Dann wird vom Windows-Teil ein Teil des noch freien Speicherplatzes für Linux "abgeschnitten".

Gib aber (wenn möglich) nicht nur 2,5 GB, sondern mehr.
zB 5GB, dann hast du noch 2,5 für irgendwelche Dateien in Linux frei.
Ein Betriebssystem, auf dem du keinen Speicherplatz für irgendwelche Dateien hast, wäre doch ärgerlich, oder?

Nochwas zur Bitzahl: Es kommt immer auf deinen Prozessor an.
Hat der Prozessor 32bit, funktionieren nur 32bit-Betriebssysteme. Auch bekannt als x86.

Bei den 64bit-Prozessoren gibt es noch eine Unterscheidung:
Die meisten 64bit-Prozessoren (X64) können mit 32- und 64bit-Betriebssystemen arbeiten.

Der Rest (IA64/Itanium) Kann nur Betriebssysteme für IA64 laufen lassen.
Kein X86 und auch kein X64 (obwohl 64bit).
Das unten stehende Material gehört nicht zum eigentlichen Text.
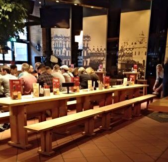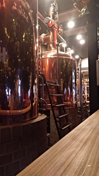 Im Brauhaus kann man recht gemütlich sitzen. Auf der rechten Seite gibt es ein Café. Dort stehen kleine Tische aus hellem Holz mit Tischdecken. Auf der linken Seite befinden sich rustikale Tische für große Gruppen als auch Tische mit Barhockern. Man hat direkten Blick auf die großen kupferfarbenen Bierkessel. In dem Bereich gibt es auch Tische für größere Gruppen. Außerdem gibt es am Wochenende spät abends Live-Musik.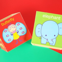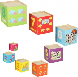 Otrok se nauči števil, štetja, osnovnih angleških besed in prepoznavanja priljubljenih kmečkih živali. Ena stran kocke prikazuje številko in njen angleški naziv, druga ustrezno število živalic. Naslednja stran vsebuje sliko živali z angleškim napisom. Ne manjkajo niti odprtine za prilagajanje oblik, kar je odlična vaja natančnosti in koordinacije oko–roka.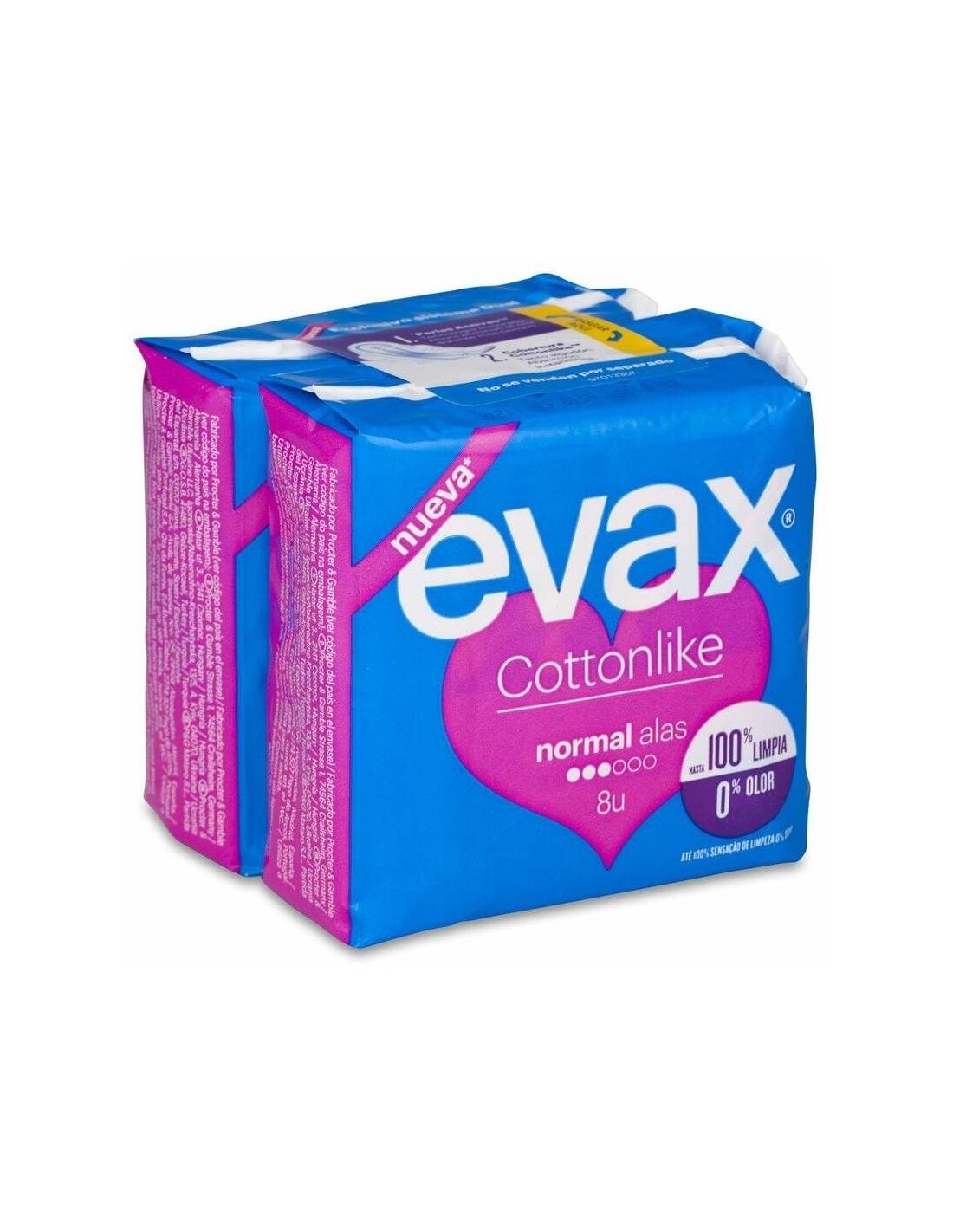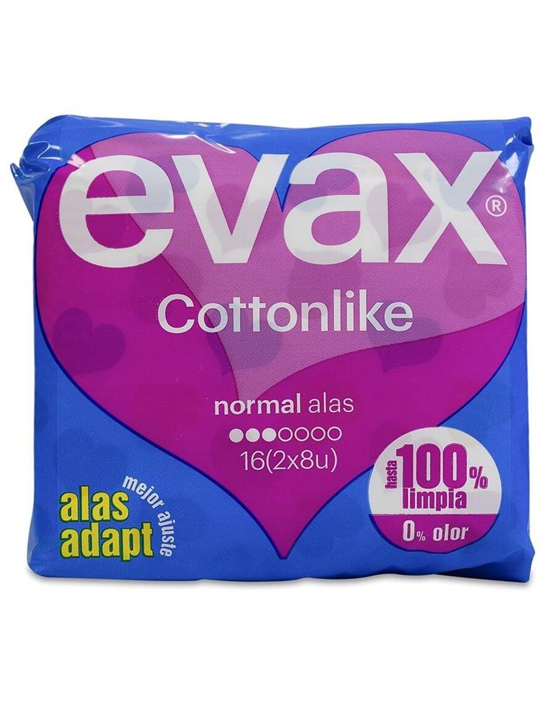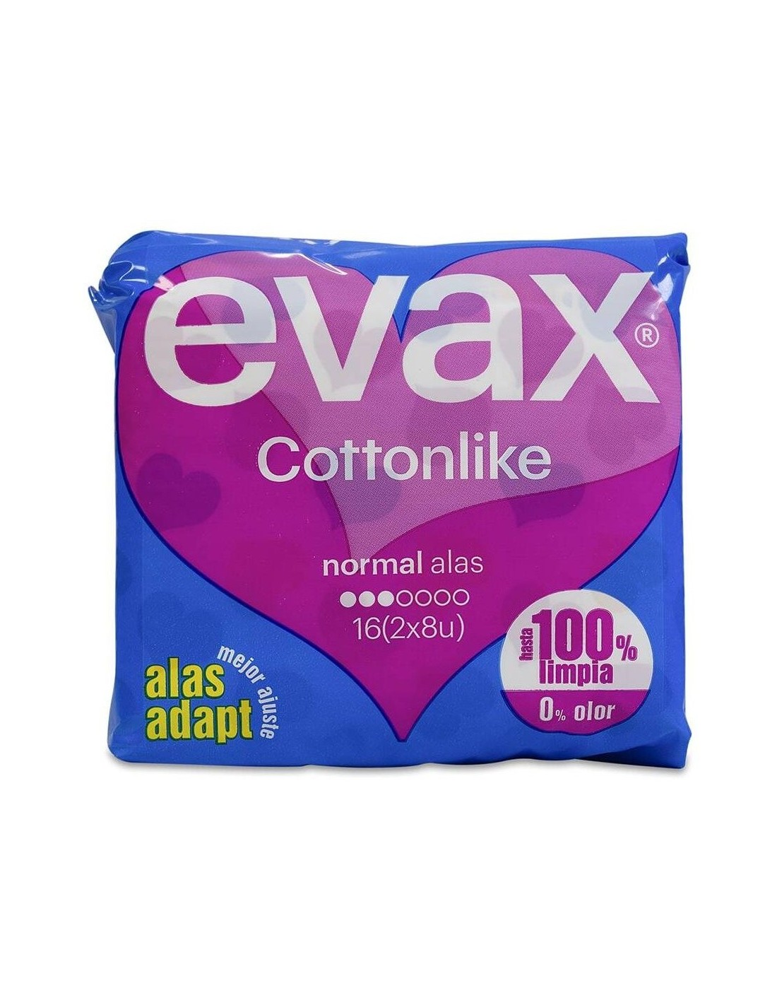 Cuenta con el Sistema EVAX Cottonlike Dual con perlas activas que neutralizan el olor y un núcleo que captura el flujo al instante, para ofrecer una absorción que mantiene hasta 100% limpia y 0% sin rastro de olor. Sus alas mantienen la compresa en su sitio y la cobertura Cottonlike ofrece un confort duradero. Para los días de mayor flujo. Producto testado dermatológicamente.

Du hast zu 99% einmal keinen Itanium-Prozessor (das müsstest du wissen, da die eher selten geworden sind).
Bedeutet: Ein 32bit-Betriebssystem funktioniert bei dir auf jeden fall, da es auch auf X64-Prozessoren funktioniert.
zB ich hab auch ein XP 32 auf einem 64bit-Prozessor. Überhaupt kein Problem.

Gruß


----------



## sheel (5. März 2011)

Zu deiner zweiten Frage: Windowsprogramme funktionieren auf Linux generell einmal NICHT (auch umgekehrt nicht).

Damit du ein bestimmtes Programm auch auf Linux zum Laufen bringst:
1) Schau nach, ob es vom Hersteller auch eine Linuxversion gibt.
2) Wenn nicht: Es gibt eine Software namens WINE, die Windows emuliert.
   Bedeutet, mit Linux und darauf installiertem WINE kannst du auch viele Windowsprogramme ausführen.
3) Wenn ein Programm auch mit WINE nicht funktionert, weil (laut der Fehlermeldung) DLLs fehlen, könnte man
   versuchen, die benötigten DLL-Dateien von einem echten Windows ins Linux kopieren.
4) Wenns das eine Programm dann noch immer nicht geht: Pech.

Gruß

PS: Noch ein Tipp zu Word, Excel etc: Soweit ich weiß, kann OpenOffice diese auch öffnen. OpenOffice gibts für Windows und Linux.
.doc-Dateien in Linux sind also kein Grund zu verzweifeln.


----------



## hink (5. März 2011)

sheel, jo dann weiß ich so grob bescheid .fange montag dann mal an mit linux .so genug damit ich mache jetzt auch bald party mit kumpeln .also hau rein !


----------